С другой стороны – в зале уже никого, только одинокий пьяный старик дремлет за столиком.
– Всё хочу узнать, где здесь тетка моя жила. Мне мать говорила – она после революции в Константинополь сбежала, оттуда – в Париж, а там вроде актрисой стала. Я и не верил сначала, а потом – помните, небось, трофейный фильм был, «На небесах от счастья». Так она там главную роль играла. Фамилию поменяла, звалась Норманд или как-то так, но я бы все равно узнал: вылитая мама, точь-в-точь.
– А, это байки всё! Мне тоже однажды дед по пьяни рассказал, что ему двоюродный брат из Штатов привет передал. Типа кто-то бросил конверт в ящик, без марки, понятное дело, только с именем, а там написано, мол, сестра умерла в Париже, я еле добрался до Америки, тут все нормально, работаю по специальности, твой брат Никита.
– А кто он был по специальности?
– Не знаю. Наверное, военный, как и дед.
– А вот, ребята, я что скажу. Если хочется отсюда сделать ноги – так это раз плюнуть. Есть много способов.
– Первый – устроится Карацупой на границу!
– А лучше – Индусом!
– Нет, для собак есть надежный способ: кошки. Ловишь кошек, полный мешок, выпускаешь их на границе – и всем пограничникам ближайшие сутки не до тебя, их овчарки гоняют кошек.
– А если кошки черные, пограничники тем более боятся хоть шаг сделать!
– Ладно, ладно, я серьезно. Надо просто много заниматься спортом.
– И тогда сможешь очень быстро убежать?
– Дурак!
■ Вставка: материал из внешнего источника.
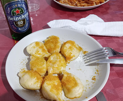 From outside the place might look unimpressive but we had the best food we tried in Baunei here! Literally everything we tried was super fresh and tasted amazing. They have super tasty seafood salads, amazing pizette, Culurgiones, and don't miss out on the Carbonara di mare! If we had discoverd this place a bit earlier we might have come every day! :D Super convenient also with the take away since our holiday apartment was just 1 minute away. The prices are absolutely fair and affordable for the high quality they provide. We payed 34€ for a nice portion of seafood salad, a fried Margherita Calzone, Carbonara di Mare and the...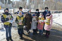 ведущим специалистом отдела профилактики ГБУ БДД Хайруллиной С. С., инспектором ПДН Баязитовой Г. Ф. напомнили пешеходам о правилах дорожного движения, поймали нарушителей ПДД, раздавали светоотражающие элементы, газеты "Добрая дорога детства" и памятки по безопасности на дорогах, памятки и наклейки для родителей.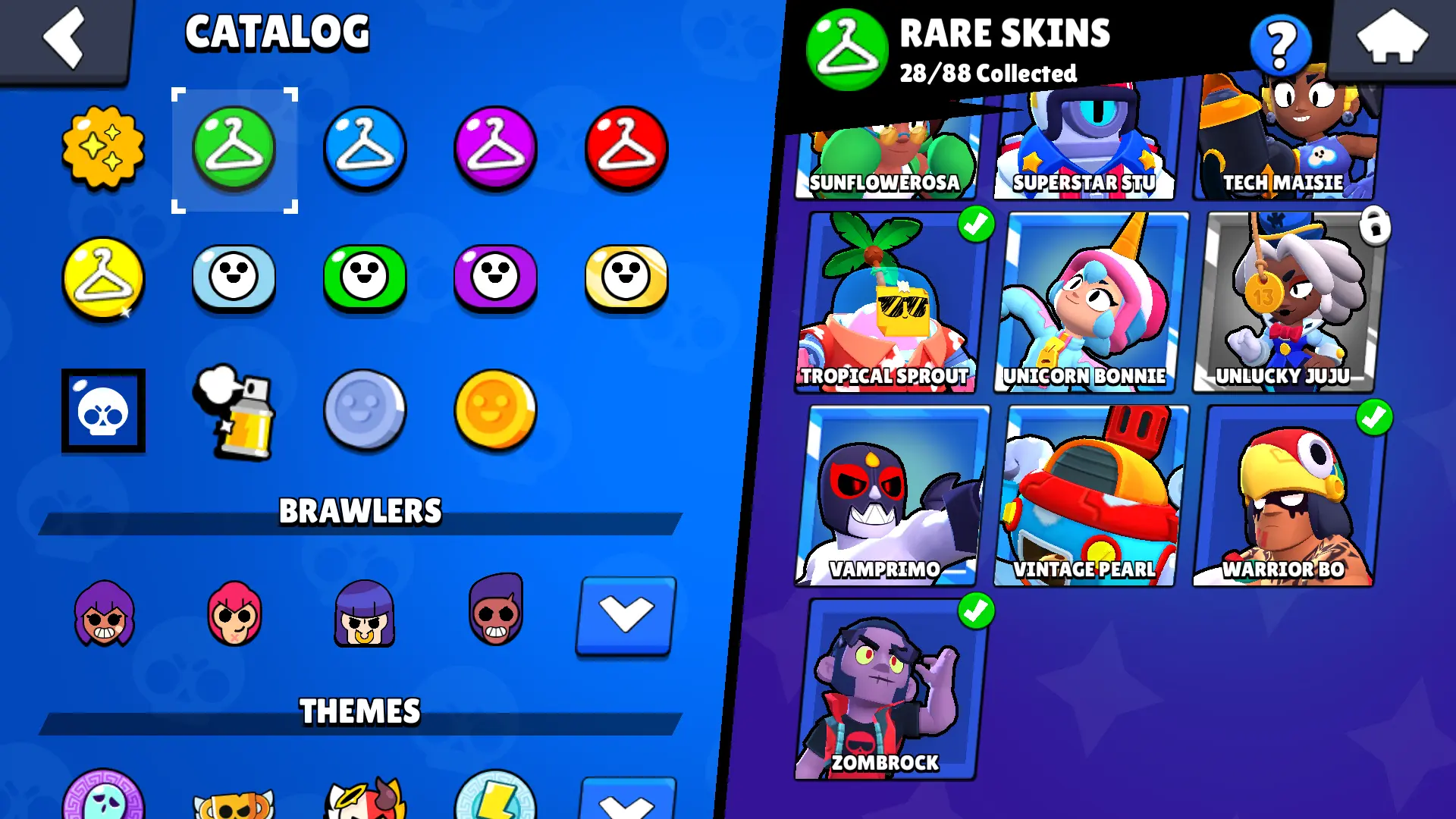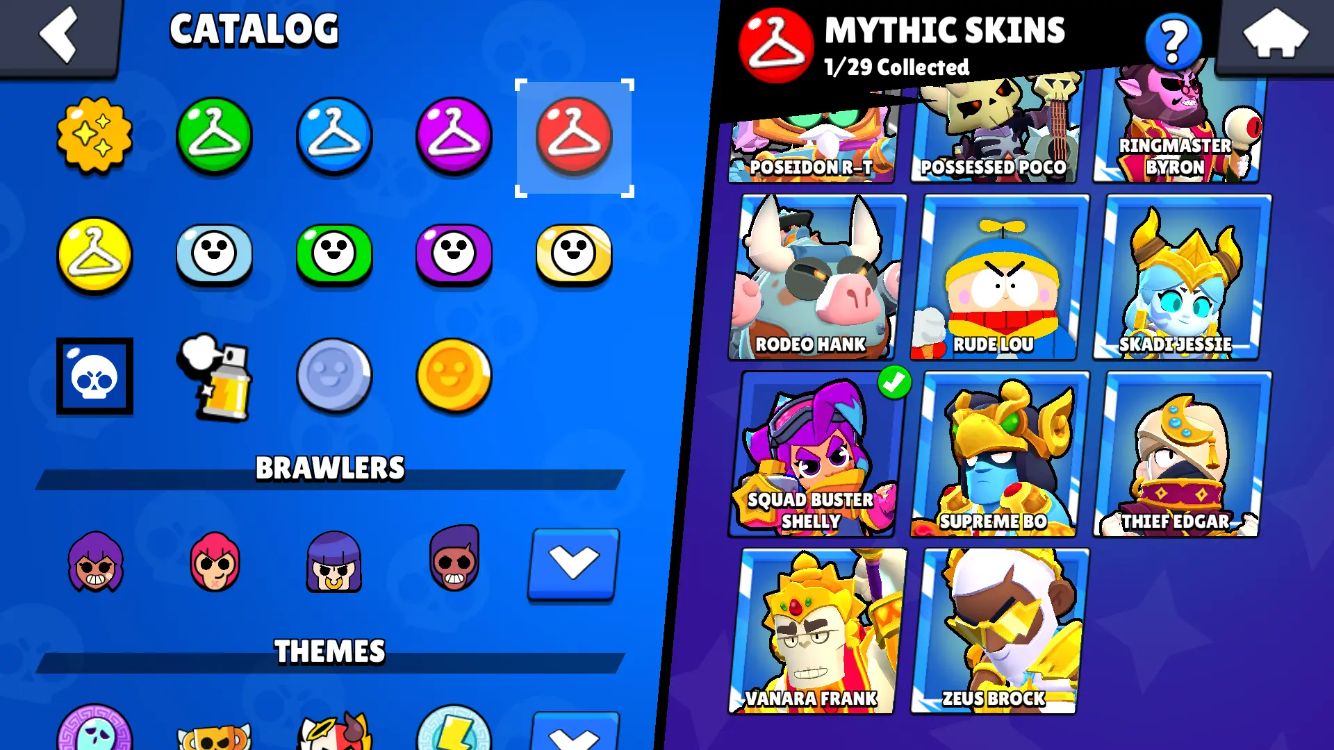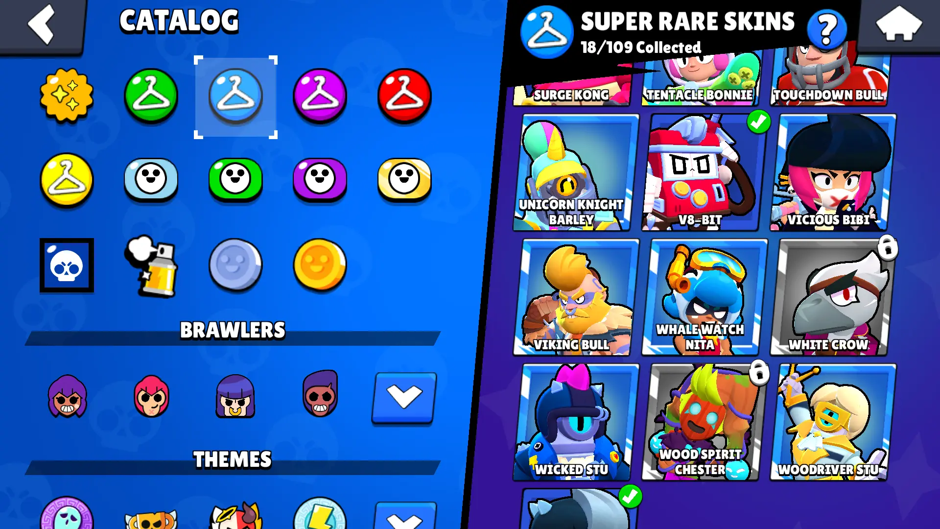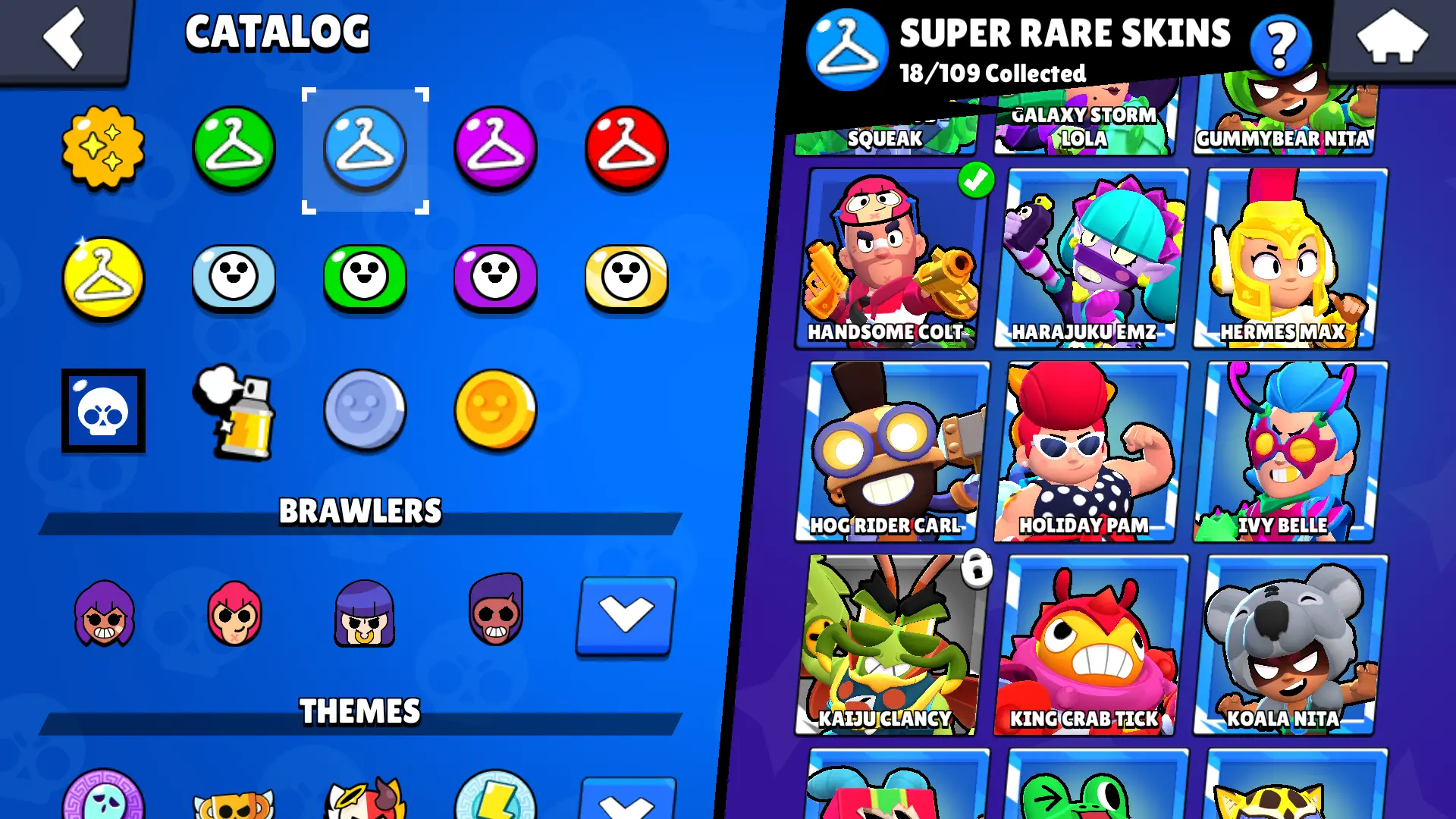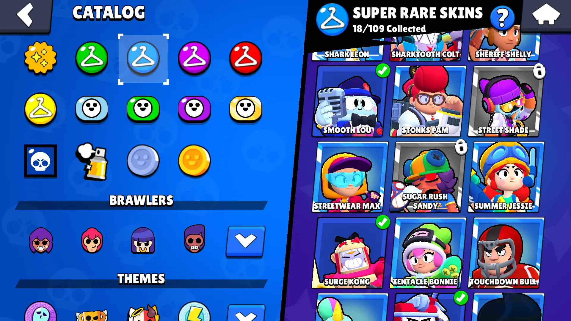 56 SKINS | 18104 TROPHIES | SUPER RANGER BROCK BLACK | WARRIOR BO | MARIPOSA PIPER | TECH MAISIE | SQUAD BUSTER SHELLY | DYNASTY MIKE | ZOMBROCK | GUARD RICO | DUMPLING DARRYL | MOTHRA EVE | BEACH TIME MORTIS | DINO LEON | DARUMA MR. P | 58 BRAWLERS

Тогда тебя пошлют на какое-нибудь соревнование, и ты сможешь там и остаться.
– Ага! Много заниматься спортом! Лучше просто самолет угнать. Берешь у фатера трофейный «вальтер», направляешь на летчика и говоришь…
– Лети в Париж!
– Нет, до Парижа не долетит. Говоришь: лети в Турцию!
– В Константинополь, как твоя тетя!
Сергей смеется вместе со всеми, но вдруг замечает, что пьяный старик встал и обманчиво твердым шагом направляется к их столику.
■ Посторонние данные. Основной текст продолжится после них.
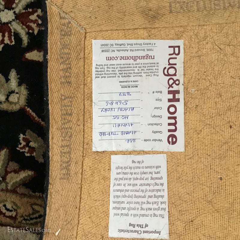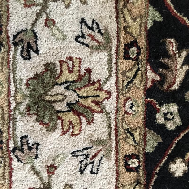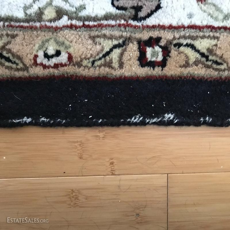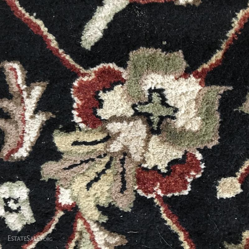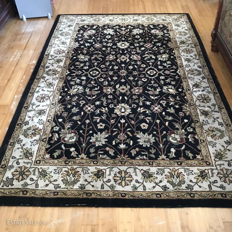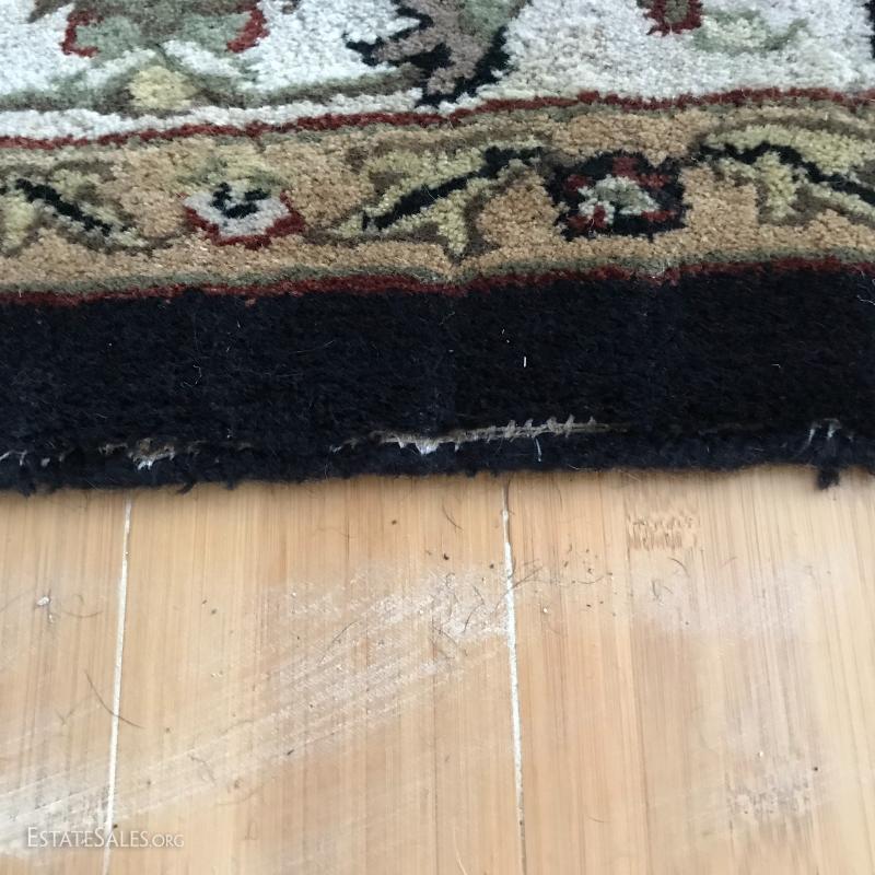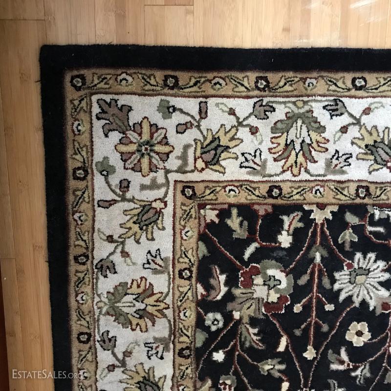 Hand-tufted wool rug in tones of black and ivory. Slight wear on two edges (see photos). 101"l x 66"w. In home that had cats.

– Чуваки, – шепчет Сергей, – шухер, чуваки.
– Париж, – сипит старик, – фигня этот ваш Париж. Ваши отцы наконец победили в Большой Игре. Создали империю, равную британской. Захватили пол-Европы! А вы, дураки, мечтаете о Париже! Лучше мечтайте о Востоке, о новых колониях. О Китае и Индии! Об Афганистане и Иране! А Париж… придет время, мы захватим и Париж!
Полная диссоциация. Исчезновение и растворение. Иначе – кто в самом деле в это поверит? Да, ресторан «Восточный» в самом деле существовал, первый этаж гостиницы «Европейская», перекресток Невского и Бродского (ага, Бродского! У географии тоже есть чувство юмора), поэты из Горного института в самом деле собирались там, прозаики, кстати, тоже, и все они были будущие гении, как же без этого, но чтобы вот такое нести вслух – про кошек, самолет и трофейный «вальтер»? Когда всего год назад Алик Гинзбург получил срок за издание «Синтаксиса»? Помилуйте, никто так себя не вел. Сережа, видимо, перепил и задремал…
А старик с его мечтами о мировой советской империи? Безумцев, конечно, всегда хватало, но чтобы так, в ресторане, к незнакомым людям? Нет, говорите что хотите, но здесь мы опять в области зыбких снов и забвения, почти такой же, в какой потерялся Вифредо, заплативший за свои свободные путешествия пятью годами репрессивной лечебницы для умалишенных.